Tears from her.
Pouting lips from both of us.
Clenched stomach and taut nerves on both sides.
I so want to reflect Christ in my dealings with my children but often I reflect nothing but anger, fear and stress. As my children become young men and women I find that I get worse. It was so easy when they were little.
I would tell them to go here and they went. I would say pick this up and they did it.
Now, they have minds and wills of their own. They have their own opinions. They have their own likes, dislikes, and aren't afraid to express them! :-)
I have to be honest and say I really do have good kids. They aren't rebellious. They generally do what they are asked to do. They make good choices.
But I get concerned. When I get concerned, my gut reaction is to control.
Trying to control someone almost always leads to the other person pulling against the reins.
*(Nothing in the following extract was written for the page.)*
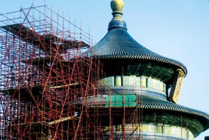 中新網1月11日電 北京天壇核心景觀祈年殿古建筑近日正式開工修繕,整個工程計劃于2006年9月1日前竣工。北京日報報道,屆時將恢復其康乾盛世時的歷史原貌。這是自1971年大修后,祈年殿首次進行較大范圍的修繕。

I know this from experience and yet, I keep falling back into that trap.
Raising teens is difficult. The more I try to control them, the relationship I have will be broken. I need to remember that it's through relationship that I can influence.What makes me think that pulling my kids where I want them to go will make their hearts follow?
Does God do that to us? Does He control and demand? If He did do that, would that make me want to follow?
We hugged. We talked. We restored our relationship.
I feel like I'm a mess most days in this minefield of parenthood. But God forgives. I move on. I learn. I keep trying.
I need to let up on those reins and guide my children without yanking them where I want them to go. In fact, I think a better bet is to let God take those reins.